Laurence Msall, president of the Civic Federation, a nonpartisan budget watchdog, said the property tax hike is unavoidable if the city is to stabilize its finances.

"It's going to be very difficult for many people, especially in this economic situation we have, but also in terms of the housing market has not fully rebounded in Chicago; but the reality is if the city doesn't bring in new revenue, if it doesn't cut its operations to balance its budget, it faces the potential of a collapse," he said.


Emanuel also plans to impose a $100 million garbage collection fee for single-family homes and small apartment buildings. Residential buildings larger than a four-flat already are required to pay for private trash collection.

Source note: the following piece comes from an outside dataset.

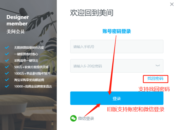 接下来是功能区别,首先是登录方式,旧版美间登录框支持账密登录和微信登录;而新版则支持账密登录和手机号验证码登录。这里的话,如果习惯账密登录,则新旧无所谓;如果习惯微信登录,则选用旧版登录框;习惯手机号验证码登录,则选用新版登录框。

Sources said the mayor's budget plan could include a number of other taxes, including a $1-per-ride surcharge on taxi rides and ride-sharing services, a tax on e-cigarettes and other smokeless tobacco products, and a new tax on sugary soft drinks. The ride-sharing surcharge was expected to generate about $70 million in revenue, and the smokeless tobacco was expected to generate about $30 million in revenue.

Msall said the city has been spending more money than it brings in for the past decade, and been using "borrowing and accounting gimmicks, and one-time revenue sources to try to fill that gap."

"It's really a day of reckoning for the city of Chicago, and unfortunately for city taxpayers and city residents, it means that we're going to have to pay a lot more than we would have otherwise if we would have balanced our budget according to generally accepted principles," he said.

Msall said the mayor and the aldermen have a big job to do to sell the budget plan to taxpayers.

"The reason why the property tax is so politically sensitive, it's a tax you cannot avoid if you're a property owner, and the reason why the elected officials don't like it is because people do recognize it right away. It's not a tax on somebody else. It's a tax on the owners, the businesses, and the residents," he said.

Emanuel is scheduled to present his budget plan to the City Council on Sept. 22.

The mayor is looking to dig the city out of a hole that has been decades in the making, and get away from risky borrowing practices used by his predecessor, former Mayor Richard M. Daley, leading to large deficits.

"The city faces enormous financial challenges. The city's bond rating is now worst in the country of any major municipality. It's considered junk bond status. It's costing the city an enormous amount of money just to operate and borrow, but it does look like every option is on the table, including the very politically sensitive – but most financially reliable – property tax increase," Msall said.

The mayor was scheduled to host the last of three town hall meetings on the city budget Thursday evening at Wright College, 4300 N. Narragansett Av., and the property tax hike plan likely will be a popular topic among those who attend.